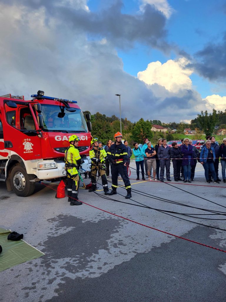 Sledil je prikaz reševalne vaje gasilcev PGD Rakek. V scenariju je šlo za nesrečo pri vzdrževalnih delih v jašku, kjer je zaradi napake na inštalaciji prišlo do izpusta večje količine CO₂, pri čemer je v jašku ostal ujet nezavesten delavec. Gasilci so prikazali uspešno reševanje s pomočjo vrvne tehnike.
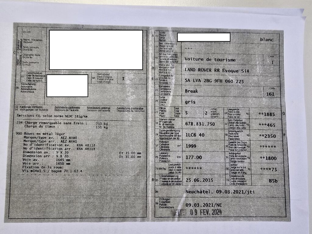 | Numero telaio | SALVA2BG9FH060225 |
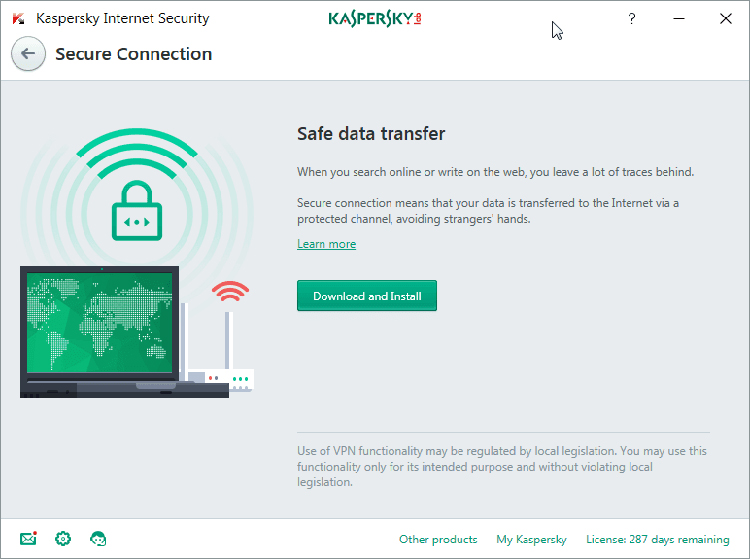 Xin lưu ý rằng bạn có thể bảo vệ 200 MB lưu lượng truy cập mỗi ngày, mỗi thiết bị - hoặc 300 MB mỗi ngày cho mỗi thiết bị nếu bạn đăng ký dịch vụ vào tài khoản My Kaspersky của mình. Dịch vụ sẽ tự động kết nối bạn với một máy chủ mà nhanh và gần với lãnh thổ mà bạn đang ở. Lưu lượng không giới hạn và tùy chọn để chọn lãnh thổ của máy chủ mà bạn kết nối sẽ tốn một khoản phí bổ sung.
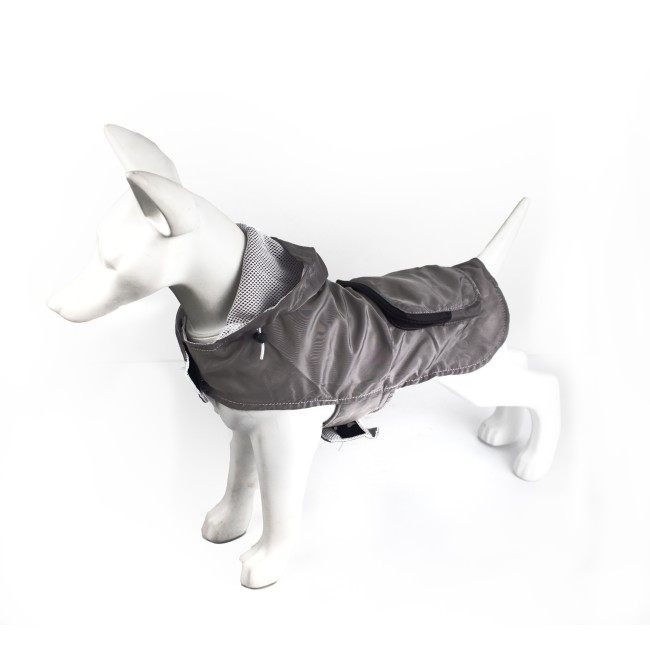Impermeable portatil para mascotas, cuenta con velcro ajustable y bolsillo doble función. “Material: Poliéster Color: Gris, negro, rosa, rojo DIsponible: Razas pequeñas y medianas.”
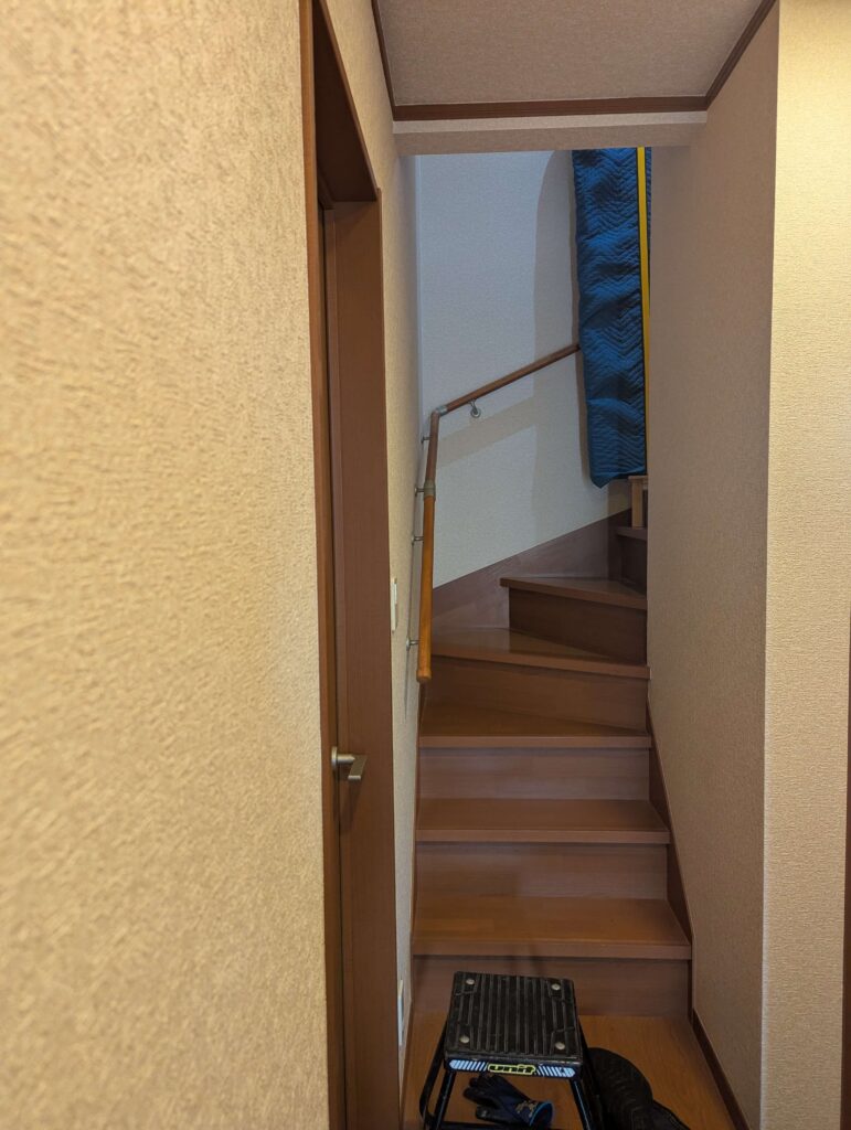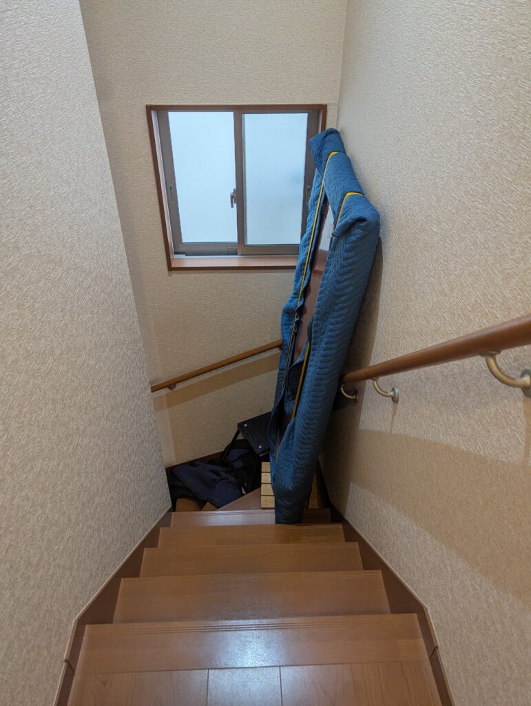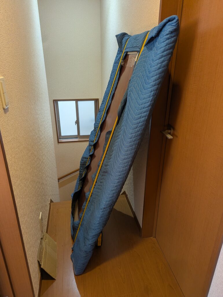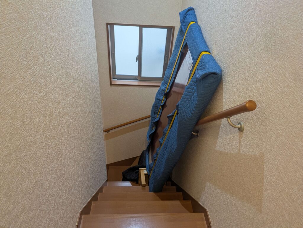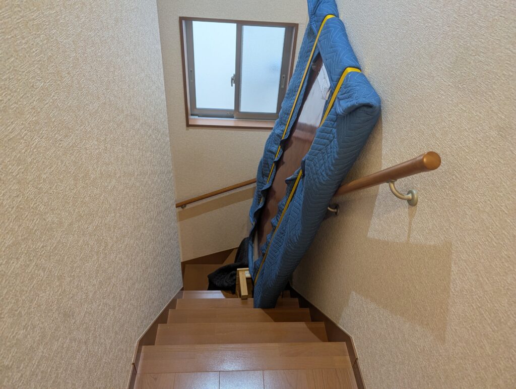 二階のリビングへ上げる階段では、一枚板を養生マットで包み荷締めベルトラチェットで締めて背負って上げるつもりでしたが、
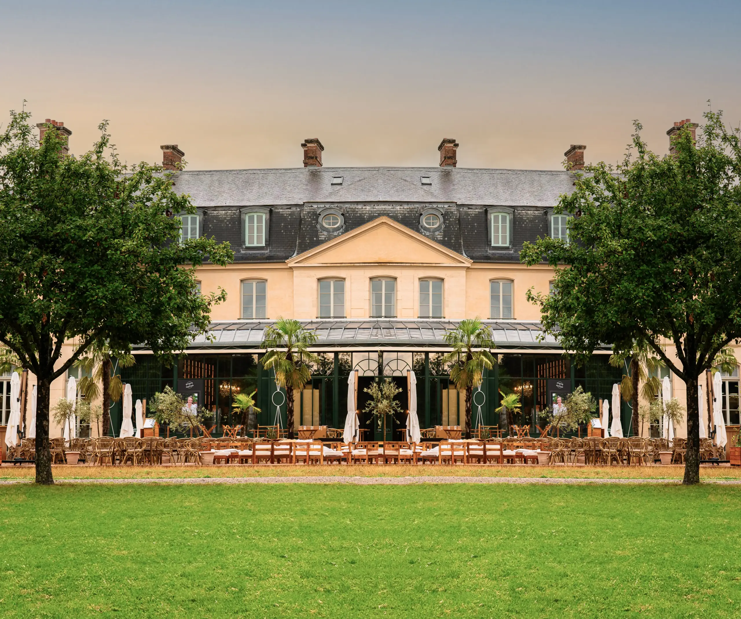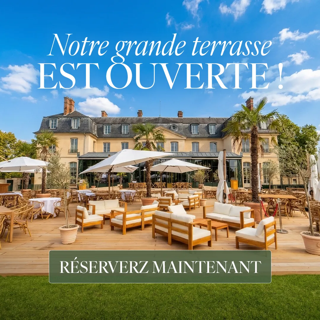 À quelques minutes de Paris, le Château de Croissy abrite un parc préservé, vaste et silencieux, où l’on prend le temps de s’installer. La terrasse de Chou s’ouvre sur les pelouses et les allées bordées d’arbres centenaires, entre lumière douce et calme retrouvé. À l’heure du déjeuner comme du dîner, on s’y sent bien, loin de l’agitation, entouré d’un décor naturel et historique unique en son genre.
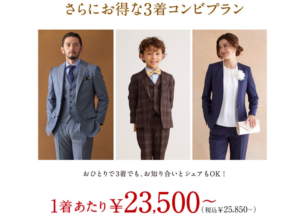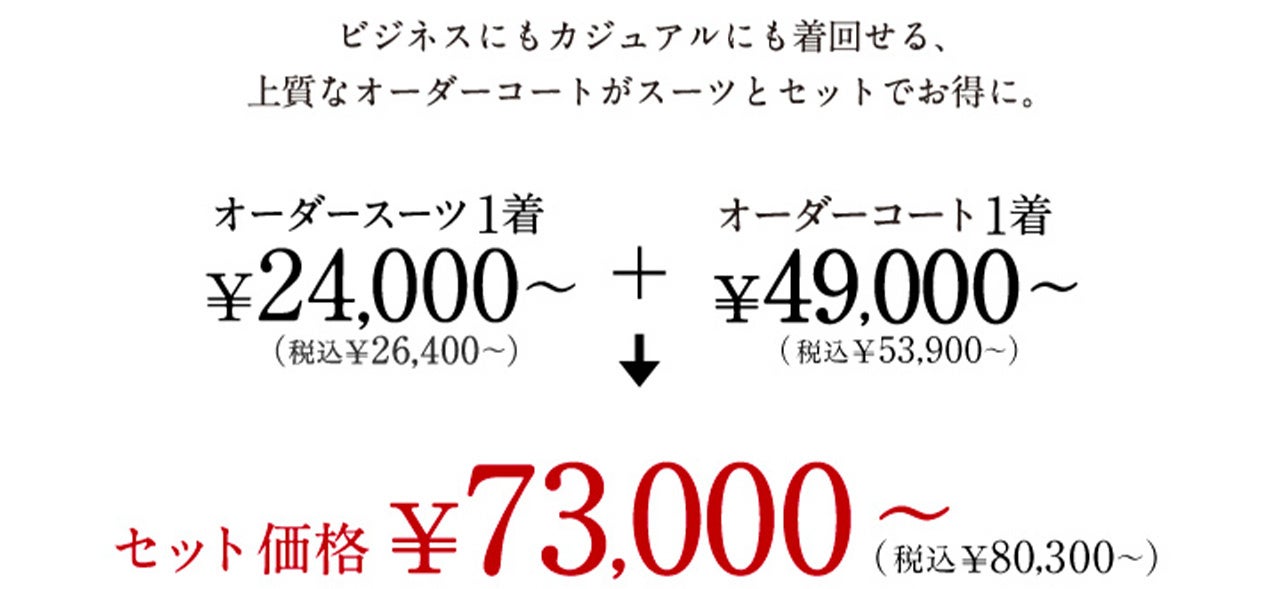 ※コンビプランとは・・・オーダースーツ2着以上ご購入していただいた場合の1着あたりのお値段です。組み合わせは自由ですので、異なる価格帯のオーダースーツと組み合わせていただいても本価格が適用されます。
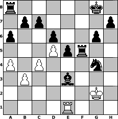 Partie-Notation im PGN-Format [Event "uns Nr. 6"] [Site "www.mySchach.de"] [Date "2012.10.27"] [Round "1"] [White "MiFie"] [Black "augustus"] [ECO "C46"] [WhitemyELO "1093"] [BlackmyELO "1330"] [Result "0-1"] [TimeControl "10/864000"] [WhiteDays "05"] [BlackDays "10"] [MySchachNr "84712"] 1. e4 e5 2. Nf3 Nc6 3. Nc3 d6 4. d4 Bg4 5. h3 Bxf3 6. gxf3 Be7 7. d5 Nd4 8. Rg1 g6 9. Bd3 a6 10. Bg5 Bxg5 11. b3 Qf6 12. Ne2 Nxf3+ 13. Kf1 Nxg1 14. Kxg1 Bh4 15. Ng3 Qg5 16. Qg4 Nf6 17. f4 Qxg4 18. hxg4 Bxg3 19. Rf1 Bxf4 20. a4 Nxg4 21. Be2 Be3+ 22. Kg2 Nf2 23. c4 O-O 24. Re1 f5 25. exf5 Rxf5 26. Bg4 Nxg4 0-1 Stellungs-Notation im FEN-Format r5k1/1pp4p/p2p2p1/3Ppr2/P1P3n1/1P2b3/6K1/4R3 - - - 0 27 Geschlagene Figuren Weiss: Geschlagene Figuren Schwarz: Klicken Sie auf eine geschlagene Figur um den gewünschten Zug darzustellen!

----------------

Exercise: Should a picture appear among the entries, skip it and copy the rest exactly.

Expected output:
 Sledil je prikaz reševalne vaje gasilcev PGD Rakek. V scenariju je šlo za nesrečo pri vzdrževalnih delih v jašku, kjer je zaradi napake na inštalaciji prišlo do izpusta večje količine CO₂, pri čemer je v jašku ostal ujet nezavesten delavec. Gasilci so prikazali uspešno reševanje s pomočjo vrvne tehnike.
 | Numero telaio | SALVA2BG9FH060225 |
 Xin lưu ý rằng bạn có thể bảo vệ 200 MB lưu lượng truy cập mỗi ngày, mỗi thiết bị - hoặc 300 MB mỗi ngày cho mỗi thiết bị nếu bạn đăng ký dịch vụ vào tài khoản My Kaspersky của mình. Dịch vụ sẽ tự động kết nối bạn với một máy chủ mà nhanh và gần với lãnh thổ mà bạn đang ở. Lưu lượng không giới hạn và tùy chọn để chọn lãnh thổ của máy chủ mà bạn kết nối sẽ tốn một khoản phí bổ sung.
Impermeable portatil para mascotas, cuenta con velcro ajustable y bolsillo doble función. “Material: Poliéster Color: Gris, negro, rosa, rojo DIsponible: Razas pequeñas y medianas.”
 二階のリビングへ上げる階段では、一枚板を養生マットで包み荷締めベルトラチェットで締めて背負って上げるつもりでしたが、
 À quelques minutes de Paris, le Château de Croissy abrite un parc préservé, vaste et silencieux, où l’on prend le temps de s’installer. La terrasse de Chou s’ouvre sur les pelouses et les allées bordées d’arbres centenaires, entre lumière douce et calme retrouvé. À l’heure du déjeuner comme du dîner, on s’y sent bien, loin de l’agitation, entouré d’un décor naturel et historique unique en son genre.
 ※コンビプランとは・・・オーダースーツ2着以上ご購入していただいた場合の1着あたりのお値段です。組み合わせは自由ですので、異なる価格帯のオーダースーツと組み合わせていただいても本価格が適用されます。
 Partie-Notation im PGN-Format [Event "uns Nr. 6"] [Site "www.mySchach.de"] [Date "2012.10.27"] [Round "1"] [White "MiFie"] [Black "augustus"] [ECO "C46"] [WhitemyELO "1093"] [BlackmyELO "1330"] [Result "0-1"] [TimeControl "10/864000"] [WhiteDays "05"] [BlackDays "10"] [MySchachNr "84712"] 1. e4 e5 2. Nf3 Nc6 3. Nc3 d6 4. d4 Bg4 5. h3 Bxf3 6. gxf3 Be7 7. d5 Nd4 8. Rg1 g6 9. Bd3 a6 10. Bg5 Bxg5 11. b3 Qf6 12. Ne2 Nxf3+ 13. Kf1 Nxg1 14. Kxg1 Bh4 15. Ng3 Qg5 16. Qg4 Nf6 17. f4 Qxg4 18. hxg4 Bxg3 19. Rf1 Bxf4 20. a4 Nxg4 21. Be2 Be3+ 22. Kg2 Nf2 23. c4 O-O 24. Re1 f5 25. exf5 Rxf5 26. Bg4 Nxg4 0-1 Stellungs-Notation im FEN-Format r5k1/1pp4p/p2p2p1/3Ppr2/P1P3n1/1P2b3/6K1/4R3 - - - 0 27 Geschlagene Figuren Weiss: Geschlagene Figuren Schwarz: Klicken Sie auf eine geschlagene Figur um den gewünschten Zug darzustellen!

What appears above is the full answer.